## REQUIRED ACTION
With the pictures removed, write out the full listing below exactly.

## DATASET CONTENT
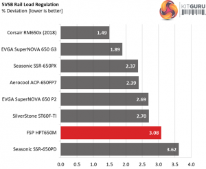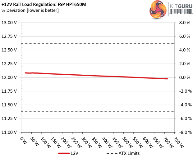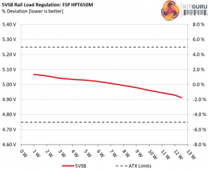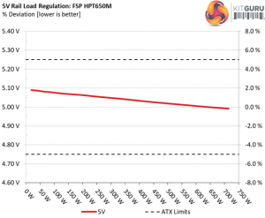 The first set of tests reveals the stability of the voltage rails and the HPT650M’s efficiency. The applied load equals (approximately) 10 to 110 percent of the power supplies maximum load in increments of 10 percentage points.
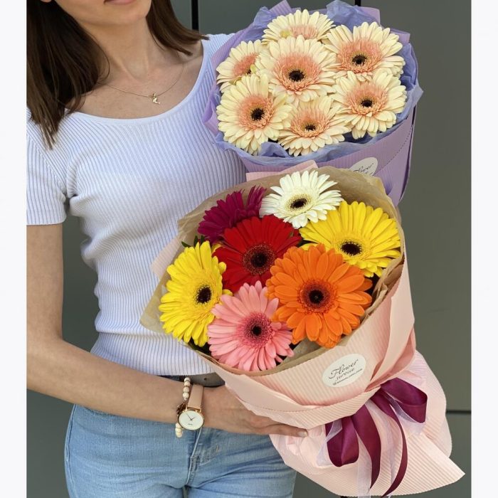 Писташ – 1 шт. Гербера – 7 шт. Оформление – 1 шт.
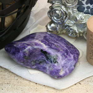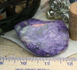 This piece is a free form polished Charoite with matte polished.  It has a bit of Aegirine and Tinkasite growing with the Charoite. The color is rich and the patterning is beautiful and displays a bit of chatoyancy. This piece can be used in any healing modality or displayed in your home or office. It fits well in the hand. Location: Russia. Dimensions: 2.60"x1.85"x0.89". Weight: 81.6 grams. SKU: 20F2296
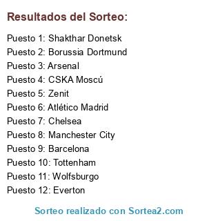 Lista de participantes: Tottenham, Shakthar Donetsk, Wolfsburgo, Borussia Dortmund, Atlético Madrid, Barcelona, Everton, CSKA Moscú, Arsenal, Chelsea, Manchester City, Zenit.

## TASK OUTPUT
 The first set of tests reveals the stability of the voltage rails and the HPT650M’s efficiency. The applied load equals (approximately) 10 to 110 percent of the power supplies maximum load in increments of 10 percentage points.
 Писташ – 1 шт. Гербера – 7 шт. Оформление – 1 шт.
 This piece is a free form polished Charoite with matte polished.  It has a bit of Aegirine and Tinkasite growing with the Charoite. The color is rich and the patterning is beautiful and displays a bit of chatoyancy. This piece can be used in any healing modality or displayed in your home or office. It fits well in the hand. Location: Russia. Dimensions: 2.60"x1.85"x0.89". Weight: 81.6 grams. SKU: 20F2296
 Lista de participantes: Tottenham, Shakthar Donetsk, Wolfsburgo, Borussia Dortmund, Atlético Madrid, Barcelona, Everton, CSKA Moscú, Arsenal, Chelsea, Manchester City, Zenit.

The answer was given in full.